L'exemple que tu a poster est complet? Si oui il n'y a que ce qui est indiquer en rouge a remplacer? Pour mon disque il est bien formater en hfs+ donc aucun soucis de ce coté la.....  En gros j'ai copier le script que tu a donne, je l'ai coller dans l'éditeur j'ai remplacer le texte par mes propres infos (nom, mdp, adresse ip...) et j'ai enregistrer an tant qu'application et quand je la lance rien ne se passe


----------



## tsss (11 Avril 2010)

. avant d'enregistrer, tu peux tester le script dans l'éditeur.
Ca te permettra de voir les erreurs.


----------



## theangeloflove (11 Avril 2010)

Bon j'ai réessayer ce matin, il ne me donne aucune erreur, par contre quand je clique sur exécuter, il me donne ce message

Résultat*:
error "Erreur d&#8217;autorisation de fichier réseau." number -5000


C'est la que je ne comprend pas ce que je dois faire........

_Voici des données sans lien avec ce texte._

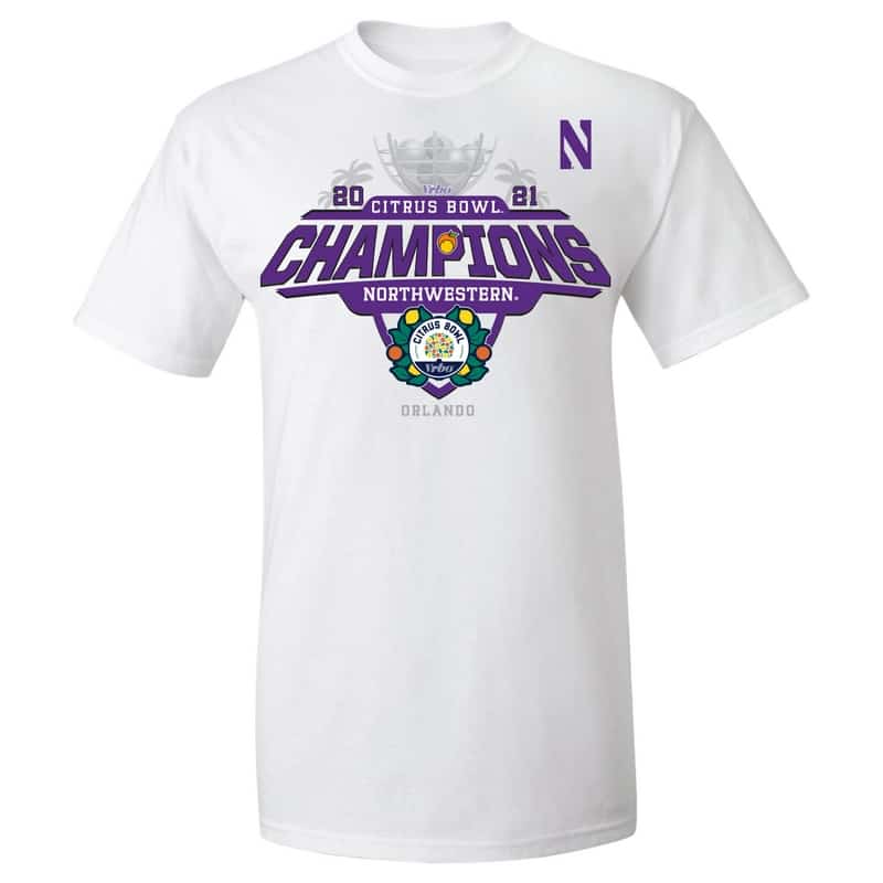 Northwestern University Wildcats Citrus Bowl 2021 Champions Official Locker Room Short Sleeve Tee Shirt

PS : Quand j'éxécute le script, il me surligne cette ligne la dans le script

mount volume "afp://" & afp_USER & ":" & afp_PASSWORD & "@" & afp_SERVER & "/" & vol


----------



## theangeloflove (14 Avril 2010)

Sa y est sa fonctionne...........
C'est parce que dans le nom de ma Time capsule, il y avait un "ç" et du coup sa bloquais tout......
J'ai changé de nom, et la tout fonctionne


----------